Load data and rename columns. I removed TEAM in all column names since it wasn’t informative.
path = '/home/kenan/Documents/learning/masters/CUNY-SPS-Masters-DS/DATA_621/hw1/'
df <- read.csv(paste0(path, 'moneyball-training-data.csv')) %>%
select(-INDEX)
names(df) <- gsub('TEAM_', '', x=names(df))

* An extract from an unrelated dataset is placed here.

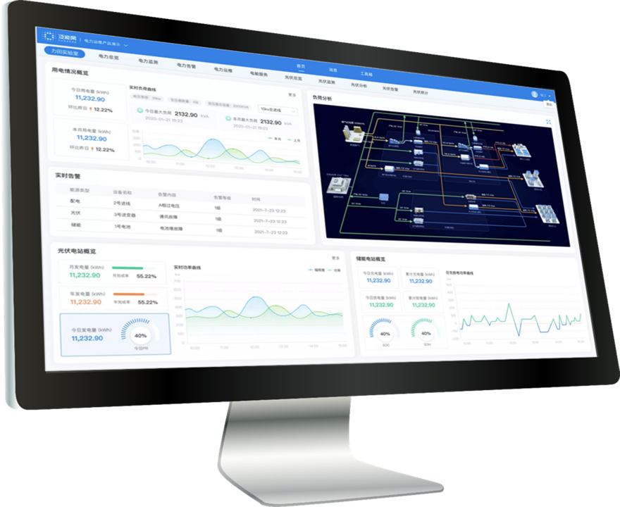力田科技为用户提供一套集分布式光伏、储能、充电桩一体平台系统。光伏系统充分利用光照资源发电,降低用电成本

The training data has 16 columns and 2276 observations, the INDEX column was removed as stated. The target column is TARGET_WINS and the remaining columns are all potential predictor variables for a linear models
summary(df)
## TARGET_WINS BATTING_H BATTING_2B BATTING_3B
## Min. : 0.00 Min. : 891 Min. : 69.0 Min. : 0.00
## 1st Qu.: 71.00 1st Qu.:1383 1st Qu.:208.0 1st Qu.: 34.00
## Median : 82.00 Median :1454 Median :238.0 Median : 47.00
## Mean : 80.79 Mean :1469 Mean :241.2 Mean : 55.25
## 3rd Qu.: 92.00 3rd Qu.:1537 3rd Qu.:273.0 3rd Qu.: 72.00
## Max. :146.00 Max. :2554 Max. :458.0 Max. :223.00
##
## BATTING_HR BATTING_BB BATTING_SO BASERUN_SB
## Min. : 0.00 Min. : 0.0 Min. : 0.0 Min. : 0.0
## 1st Qu.: 42.00 1st Qu.:451.0 1st Qu.: 548.0 1st Qu.: 66.0
## Median :102.00 Median :512.0 Median : 750.0 Median :101.0
## Mean : 99.61 Mean :501.6 Mean : 735.6 Mean :124.8
## 3rd Qu.:147.00 3rd Qu.:580.0 3rd Qu.: 930.0 3rd Qu.:156.0
## Max. :264.00 Max. :878.0 Max. :1399.0 Max. :697.0
## NA's :102 NA's :131
## BASERUN_CS BATTING_HBP PITCHING_H PITCHING_HR
## Min. : 0.0 Min. :29.00 Min. : 1137 Min. : 0.0
## 1st Qu.: 38.0 1st Qu.:50.50 1st Qu.: 1419 1st Qu.: 50.0
## Median : 49.0 Median :58.00 Median : 1518 Median :107.0
## Mean : 52.8 Mean :59.36 Mean : 1779 Mean :105.7
## 3rd Qu.: 62.0 3rd Qu.:67.00 3rd Qu.: 1682 3rd Qu.:150.0
## Max. :201.0 Max. :95.00 Max. :30132 Max. :343.0
## NA's :772 NA's :2085
## PITCHING_BB PITCHING_SO FIELDING_E FIELDING_DP
## Min. : 0.0 Min. : 0.0 Min. : 65.0 Min. : 52.0
## 1st Qu.: 476.0 1st Qu.: 615.0 1st Qu.: 127.0 1st Qu.:131.0
## Median : 536.5 Median : 813.5 Median : 159.0 Median :149.0
## Mean : 553.0 Mean : 817.7 Mean : 246.5 Mean :146.4
## 3rd Qu.: 611.0 3rd Qu.: 968.0 3rd Qu.: 249.2 3rd Qu.:164.0
## Max. :3645.0 Max. :19278.0 Max. :1898.0 Max. :228.0
## NA's :102 NA's :286
These variables are all on a different scale which is ok for multiple linear regression. Some variables are missing values are others look like they might contain a lot of outliars.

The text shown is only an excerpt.